DATA EXTRACT:
= = =
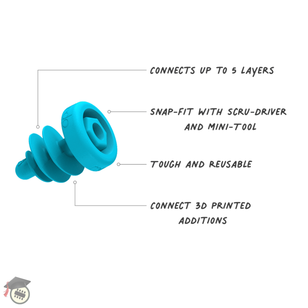 It can also be used to attach 3d printable Makedo parts such as hinges and angle brackets.
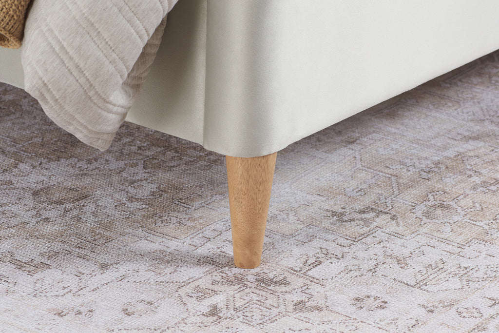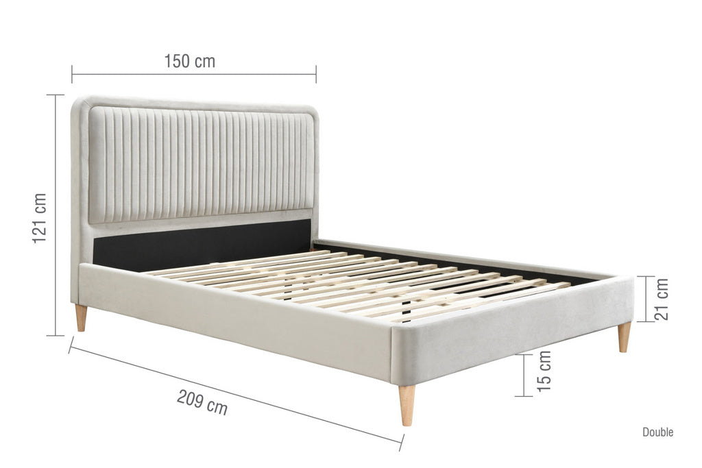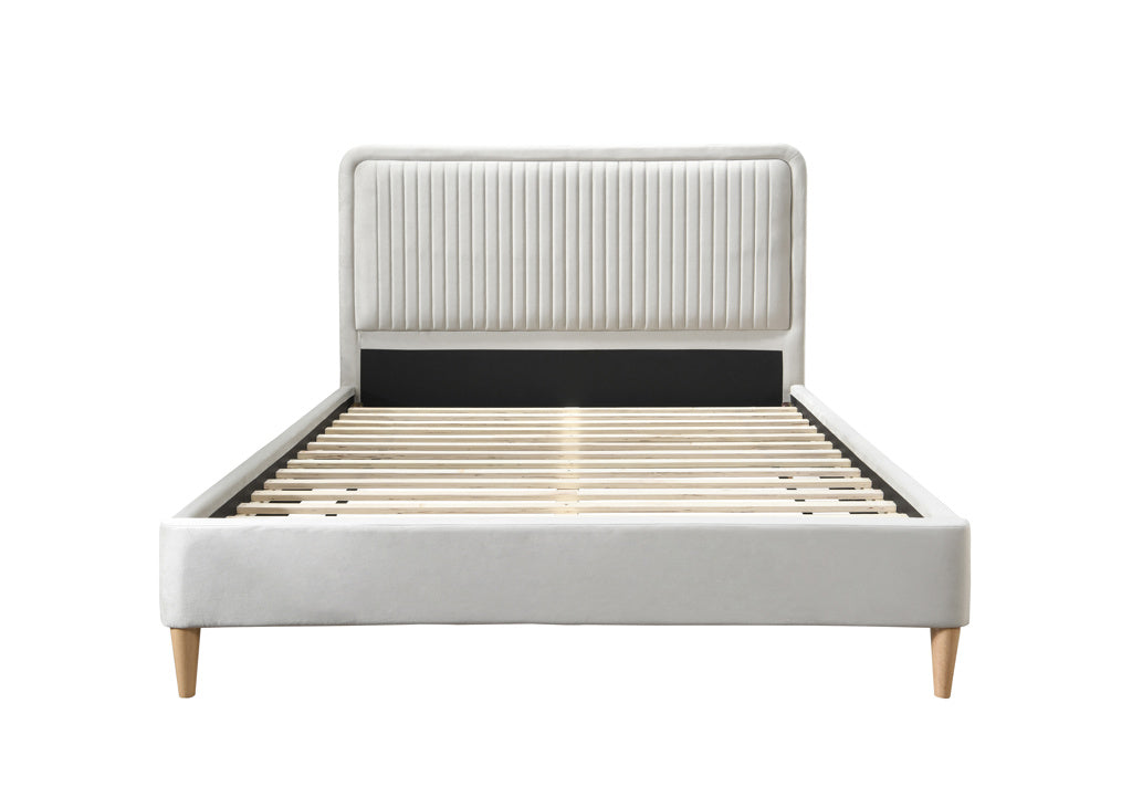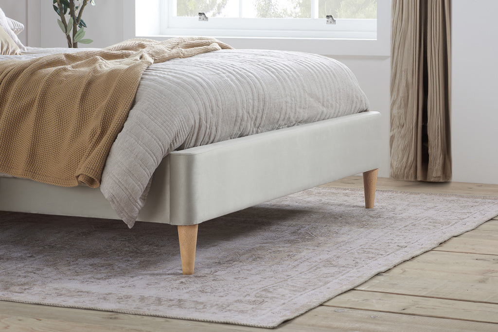 Standing on slender, tapered wooden legs, this bed frame evokes a sense of space and openness, making it an excellent choice for both minimalistic and ornately decorated bedrooms.
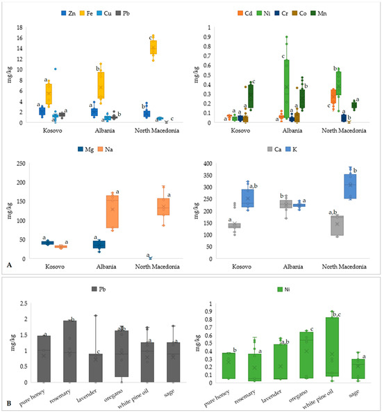 Concentration of heavy metals in samples of honey from different regions (A), with isolated examples of changes in heavy metal concentrations depending on the added aromatic plant, for Pb and Ni (B), regardless of the added concentration. Different letters for the same parameter indicate a statistically significant difference (p < 0.05).
= = =
WORK INSTRUCTIONS:
Please give all of the material again, exactly, without the images.

SOLUTION TO THIS EXERCISE:
 It can also be used to attach 3d printable Makedo parts such as hinges and angle brackets.
 Standing on slender, tapered wooden legs, this bed frame evokes a sense of space and openness, making it an excellent choice for both minimalistic and ornately decorated bedrooms.
 Concentration of heavy metals in samples of honey from different regions (A), with isolated examples of changes in heavy metal concentrations depending on the added aromatic plant, for Pb and Ni (B), regardless of the added concentration. Different letters for the same parameter indicate a statistically significant difference (p < 0.05).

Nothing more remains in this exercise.